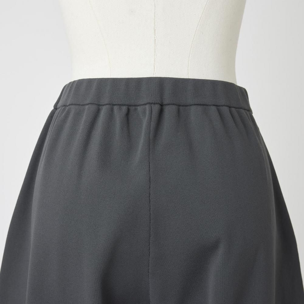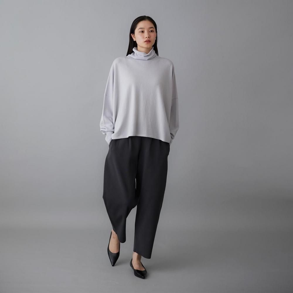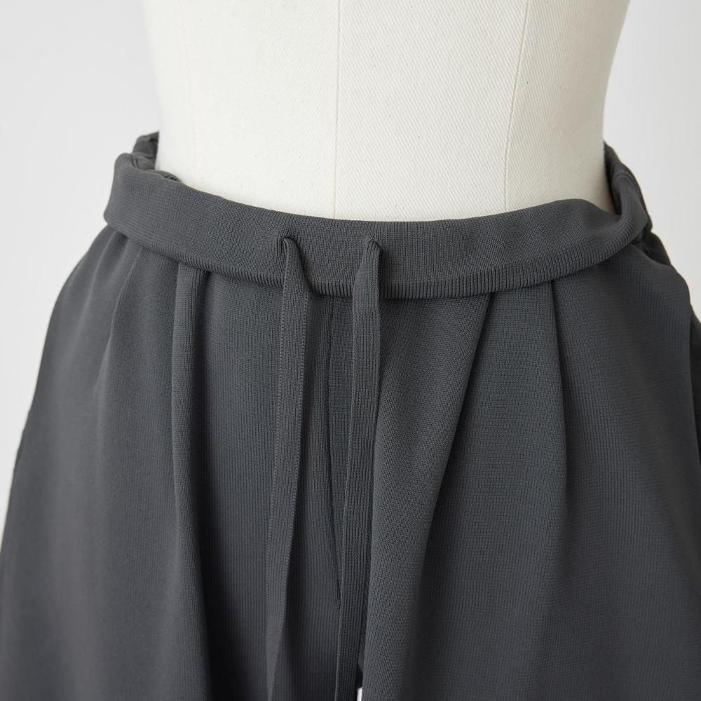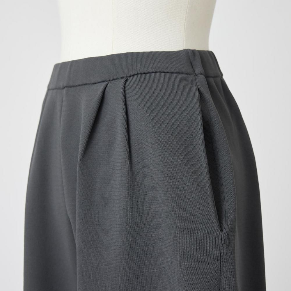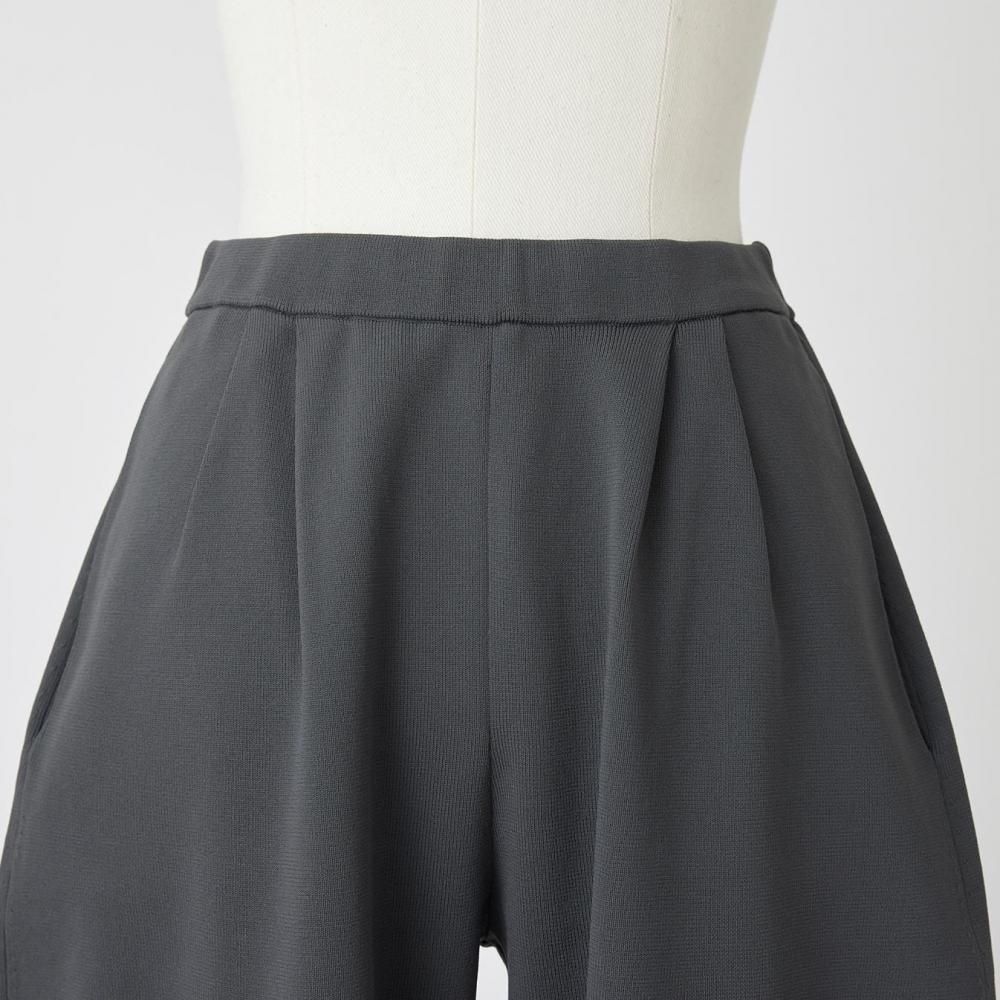 柔らかな光沢とややかためのしっかりとした編地のポリエステル素材で仕立てたタックパンツです。
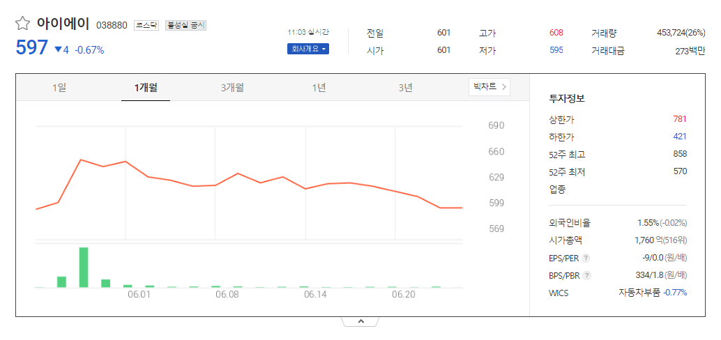 아이에이 주가 전망 확인과 기업 상세 정보
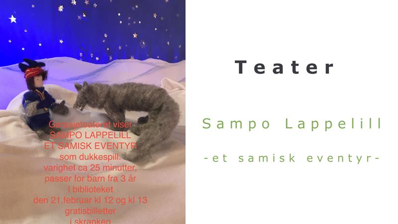 Ann Bjørke kommer med sitt "Garasjeteater" og setter opp to forestillinger denne lørdagen. Det er det samiske eventyret "Sampo Lappelill som vises som dukketeater.
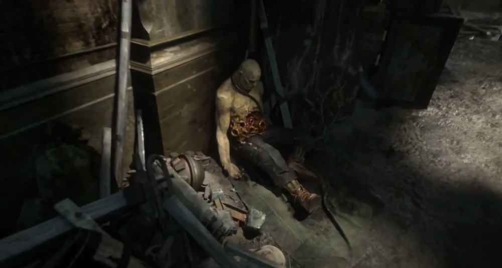 Мои любимые надписи кровью, такие искренние, такие будоражащие! Момент ловился плохо, и все, что удалось разобрать, это: "Беги от крови / плати по долгам" и "Howlles (пустые?) приходят в ночи". Либо кто-то оцелованный бездной оставляет послания ГГ, либо этот бритый парень перед смертью решил написать нам месседж.
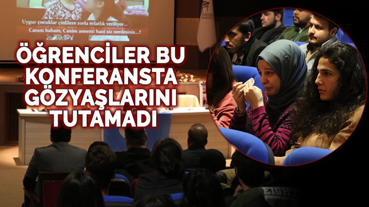 Üniversite öğrencileri Doğu Türkistan için düzenlenen konferansta izledikleri karşısında gözyaşlarına hakim olamadı.Karabük Üniversite (KBÜ) Anadolu Kültür Medeniyetleri Araştırma Kulübü tarafından "Doğu Türkistan'da Neler Oluyor?" konferansı düzenlendi. Konferansta Çin'de zulme uğrayan Uygur Türklerinin yer aldığı videoyu izleyen öğrenciler gözyaşlarını tutamadı.KBÜ Hamit Çepni Konferans Salonu'nda düzenlenen konferans saygı duruşu ve İstiklal Marşı ile Doğu Türkistan marşının okunmasıyla başladı. Ardından Çin'in Doğu Türkistan'da Uygur Türklerine yapmış olduğu işkence ve Uygur Türkü çocuklarının türkü ve şiirlerin yer aldığı video izlendi. Duygu dolu anların yaşandığı konferansta bazı üniversite öğrencileri gözyaşlarına hakim olamadı.
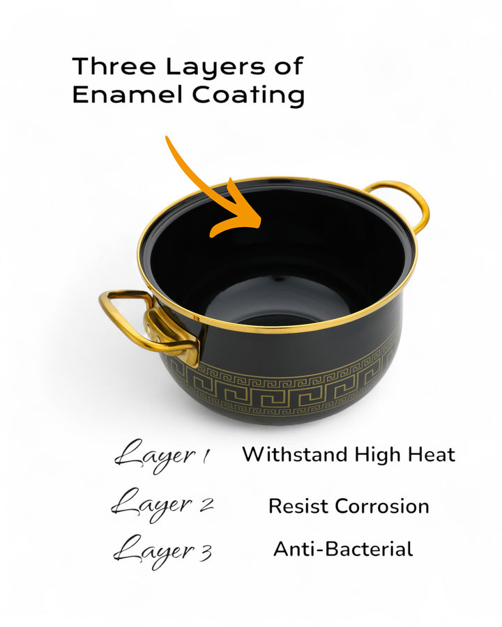 Whether you're simmering, stewing, or baking, this enamel casserole set is crafted to fulfill all your cooking needs with elegance and practicality.
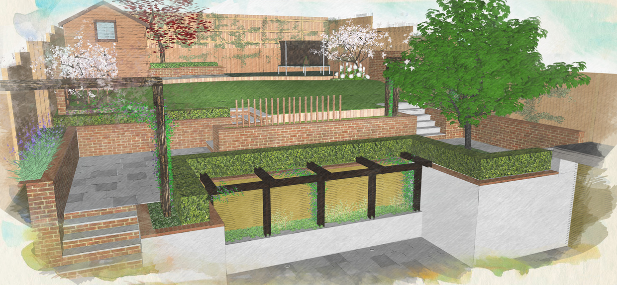 Garden renovation design, 3D modelling and visualisations, in collaboration with Andrew Wenham, LA.

▶ [Assigned task] Exactly the lines from the one holding "아이에이 주가 전망 확인과 기업 상세 정보" through the last line of the entries must be set down, with nothing added and no pictures.

▶ [Expected answer]
 아이에이 주가 전망 확인과 기업 상세 정보
 Ann Bjørke kommer med sitt "Garasjeteater" og setter opp to forestillinger denne lørdagen. Det er det samiske eventyret "Sampo Lappelill som vises som dukketeater.
 Мои любимые надписи кровью, такие искренние, такие будоражащие! Момент ловился плохо, и все, что удалось разобрать, это: "Беги от крови / плати по долгам" и "Howlles (пустые?) приходят в ночи". Либо кто-то оцелованный бездной оставляет послания ГГ, либо этот бритый парень перед смертью решил написать нам месседж.
 Üniversite öğrencileri Doğu Türkistan için düzenlenen konferansta izledikleri karşısında gözyaşlarına hakim olamadı.Karabük Üniversite (KBÜ) Anadolu Kültür Medeniyetleri Araştırma Kulübü tarafından "Doğu Türkistan'da Neler Oluyor?" konferansı düzenlendi. Konferansta Çin'de zulme uğrayan Uygur Türklerinin yer aldığı videoyu izleyen öğrenciler gözyaşlarını tutamadı.KBÜ Hamit Çepni Konferans Salonu'nda düzenlenen konferans saygı duruşu ve İstiklal Marşı ile Doğu Türkistan marşının okunmasıyla başladı. Ardından Çin'in Doğu Türkistan'da Uygur Türklerine yapmış olduğu işkence ve Uygur Türkü çocuklarının türkü ve şiirlerin yer aldığı video izlendi. Duygu dolu anların yaşandığı konferansta bazı üniversite öğrencileri gözyaşlarına hakim olamadı.
 Whether you're simmering, stewing, or baking, this enamel casserole set is crafted to fulfill all your cooking needs with elegance and practicality.
 Garden renovation design, 3D modelling and visualisations, in collaboration with Andrew Wenham, LA.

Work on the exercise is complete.